I’ve carried those words with me ever since.
Years later, when machines became more capable than any human being...
When artificial intelligence could design, calculate and create faster than we ever could...
I often thought back to that workshop.
Technology had changed.
People had changed.
But the desire to create...
To solve problems...
To leave something worthwhile behind...
That never disappeared.
It simply found new tools.
Perhaps that’s why retirement never felt like an ending.
I had stopped doing one kind of work.
But I had not stopped creating.
These letters became my new workshop.
Every story...
Every memory...
Every reflection...
Another piece carefully made by hand.
Not from timber.
But from experience.
As I sit here writing this final letter, I realise something.
I began these letters hoping to explain the future.
Instead, they helped me understand my own past.
I’ve written about artificial intelligence, retirement and a world transformed by technology.
But none of those things were ever the real story.
The real story has always been about people.

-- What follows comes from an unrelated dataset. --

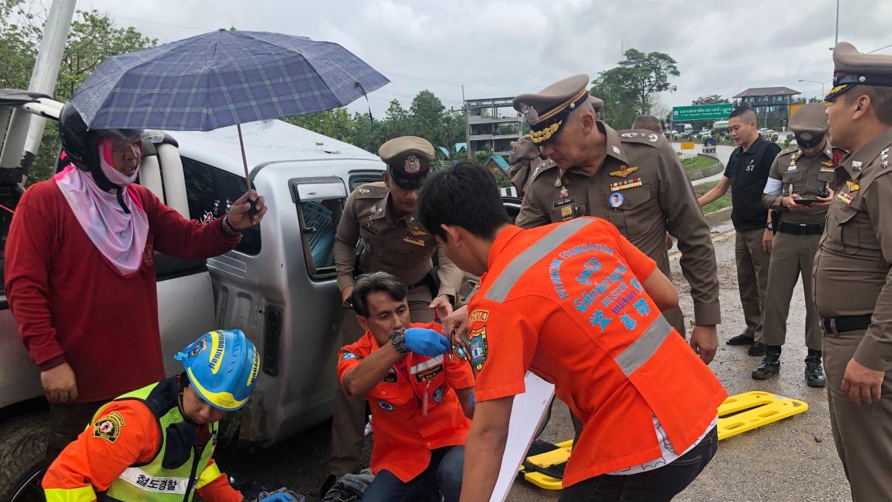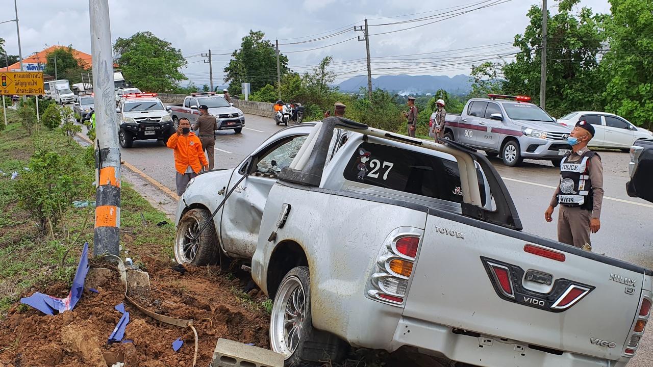 “บิ๊กหนุ่ม” พล.ต.ต.อภิชาติ ศิริสิทธิ์ ผบช.ภ.6 สั่งหยุดขบวน จอดช่วย ด.ต.ตำแหน่ง ผบ.หมู่(ป.) สภ.วังเจ้า หลังขับปิกอัพวูบ แหกโค้งชนเสาไฟฟ้า อาการสาหัสเป็น-ตายเท่ากัน

The people who choose kindness when it would be easier not to.
The people who keep creating, even when the world tells them they’re no longer needed.
The people who plant trees whose shade they will never sit beneath.
The people who listen.
Who encourage.
Who forgive.
Who quietly make the world a better place without expecting recognition.
Technology will continue to change.
New inventions will come and go.
Entire industries will disappear.
Others will be born.
But some things should never become obsolete.
Curiosity.
Compassion.
Integrity.
Hope.
The future will never need fewer good people, Thomas.
It will only need them in different ways.
If these letters have taught you anything, I hope it is this:
Never be afraid of change.
Never stop learning.
Never stop making things with your hands or your imagination.
Never stop noticing the people others overlook.
Never stop choosing kindness when indifference feels easier.
Never stop believing that one ordinary person can make an extraordinary difference.
And above all...
Never stop being curious.
Because curiosity is where every discovery begins.
Every invention begins.
Every friendship begins.
Every act of kindness begins.
And every better future begins.
One day these letters will simply become old paper.
The ink will fade.
The pages will grow worn.
But I hope the ideas they contain will continue to live on.
Not because they were written by me.
But because you choose to carry them forward.
Now...
It’s your turn.
Love,
Grandad
Reflection
Every generation inherits more than technology, buildings or wealth.
We inherit ideas.
Values.
Stories.
The future is not built by machines alone.
It is built by ordinary people who remain curious enough to ask better questions, courageous enough to embrace change and kind enough to lift others along the way.
As Michael’s letters come to an end, one truth remains.
The world of 2045 may be different from today.
But the qualities that make us truly human never go out of date.
And perhaps that is the greatest lesson of all.